(GIVEN INFORMATION)

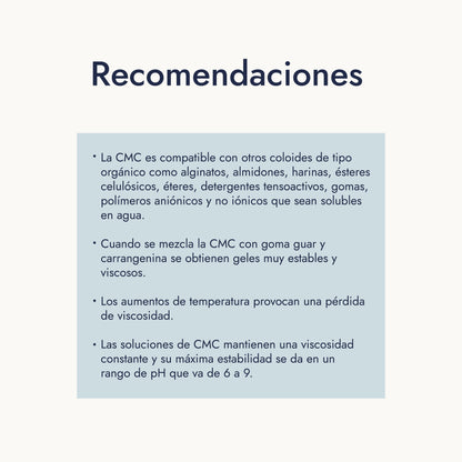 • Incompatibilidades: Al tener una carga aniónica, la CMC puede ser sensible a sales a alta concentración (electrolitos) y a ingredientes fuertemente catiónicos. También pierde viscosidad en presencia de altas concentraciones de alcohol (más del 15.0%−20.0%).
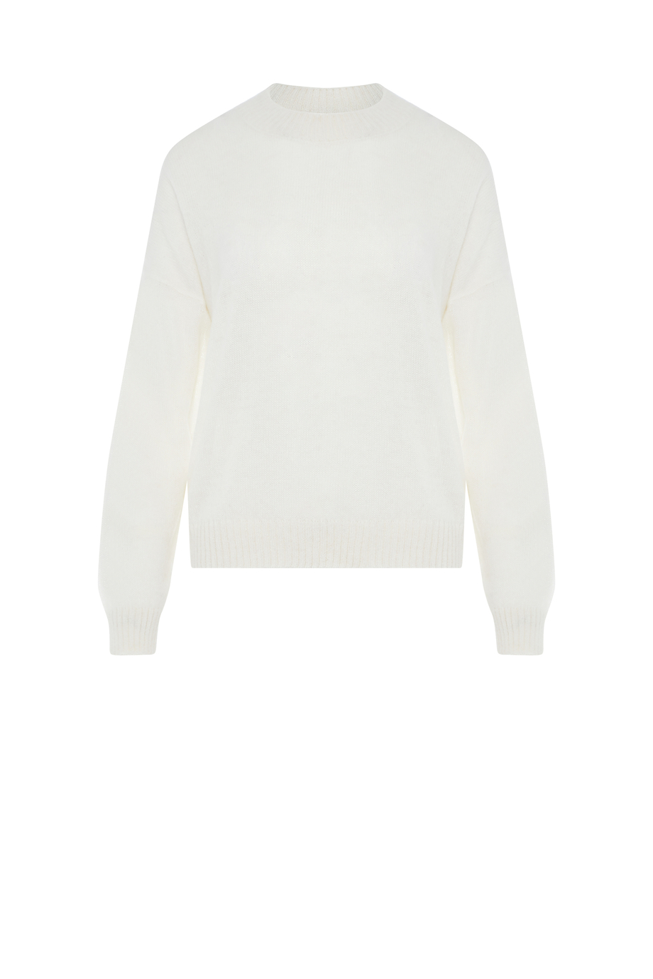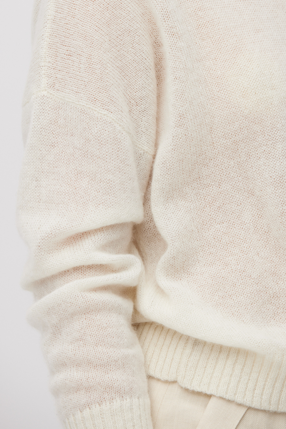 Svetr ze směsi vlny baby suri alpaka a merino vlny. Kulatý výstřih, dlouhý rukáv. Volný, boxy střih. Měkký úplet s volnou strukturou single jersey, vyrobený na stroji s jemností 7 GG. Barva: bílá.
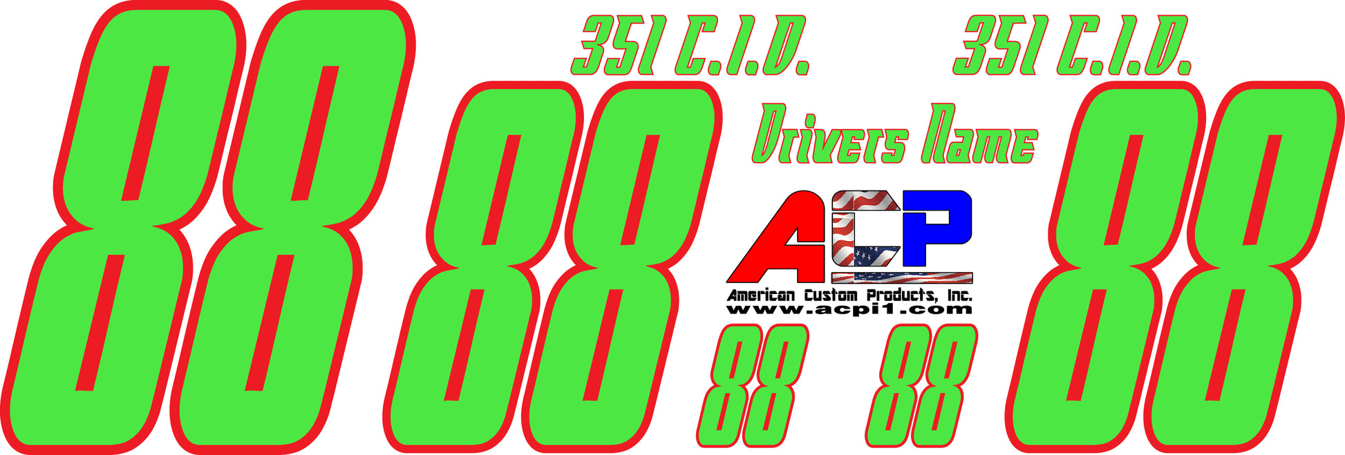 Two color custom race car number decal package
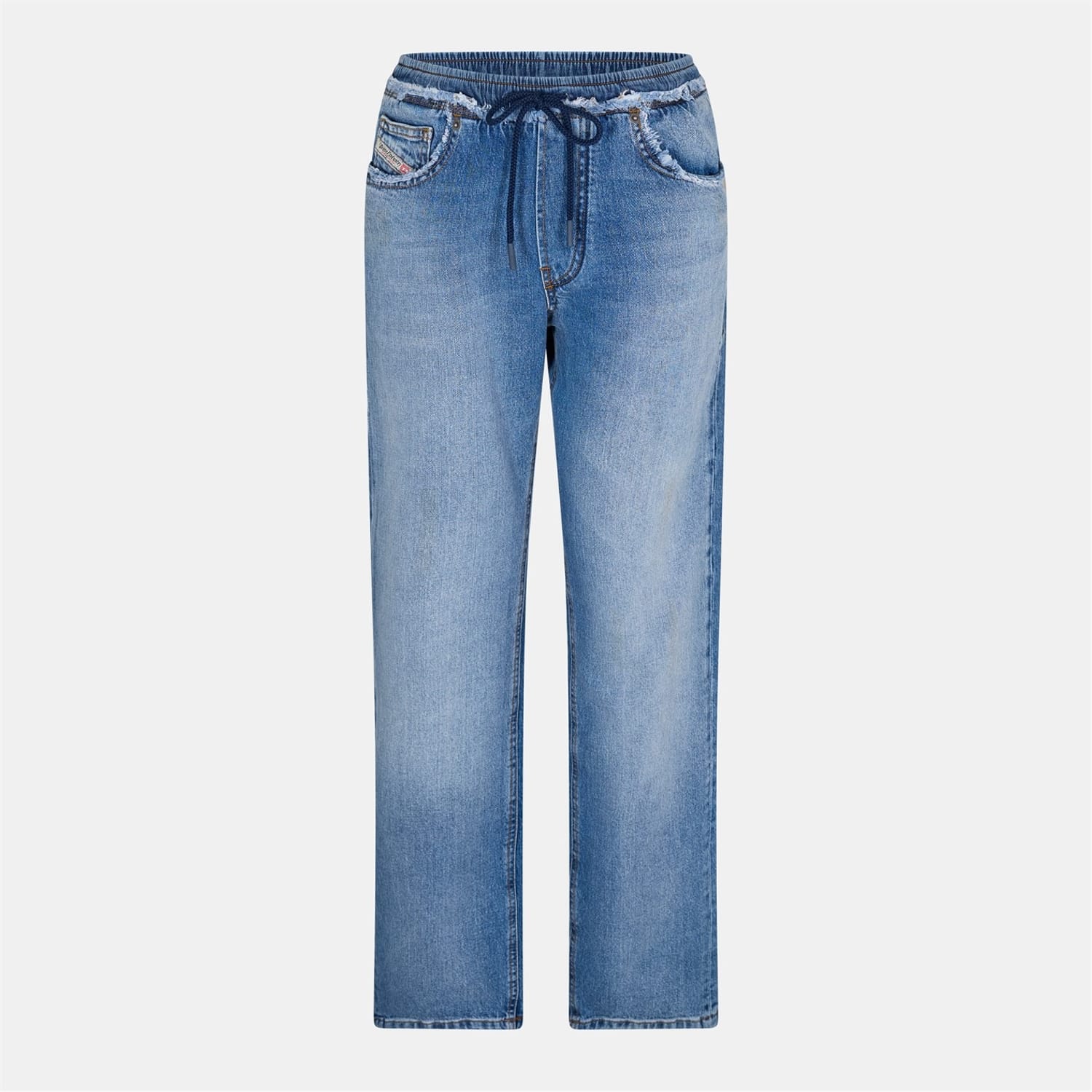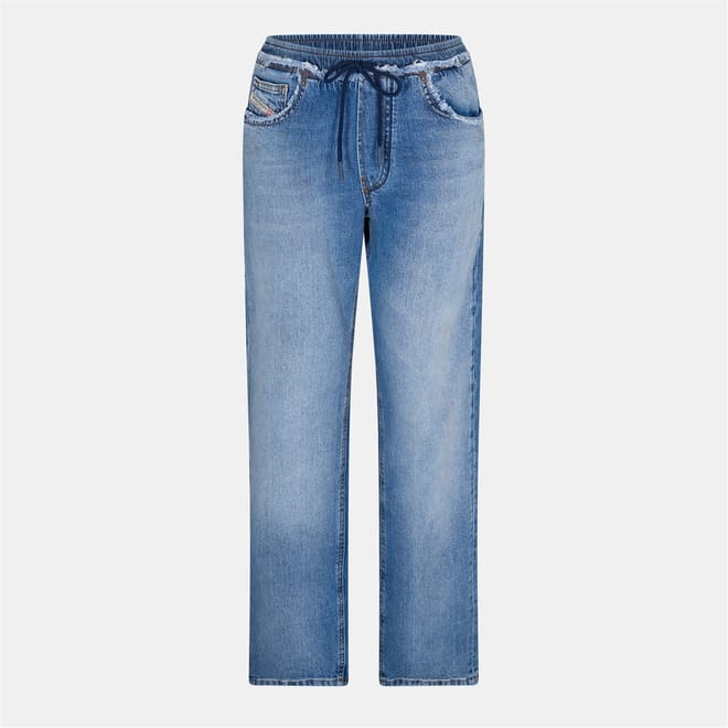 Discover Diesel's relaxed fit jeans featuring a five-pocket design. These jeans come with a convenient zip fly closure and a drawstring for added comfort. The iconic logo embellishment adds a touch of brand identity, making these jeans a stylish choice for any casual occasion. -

(YOUR INSTRUCTIONS) Print the full listing above exactly. Pictures stay out of the copy.

(ANSWER BOX)
 • Incompatibilidades: Al tener una carga aniónica, la CMC puede ser sensible a sales a alta concentración (electrolitos) y a ingredientes fuertemente catiónicos. También pierde viscosidad en presencia de altas concentraciones de alcohol (más del 15.0%−20.0%).
 Svetr ze směsi vlny baby suri alpaka a merino vlny. Kulatý výstřih, dlouhý rukáv. Volný, boxy střih. Měkký úplet s volnou strukturou single jersey, vyrobený na stroji s jemností 7 GG. Barva: bílá.
 Two color custom race car number decal package
 Discover Diesel's relaxed fit jeans featuring a five-pocket design. These jeans come with a convenient zip fly closure and a drawstring for added comfort. The iconic logo embellishment adds a touch of brand identity, making these jeans a stylish choice for any casual occasion. -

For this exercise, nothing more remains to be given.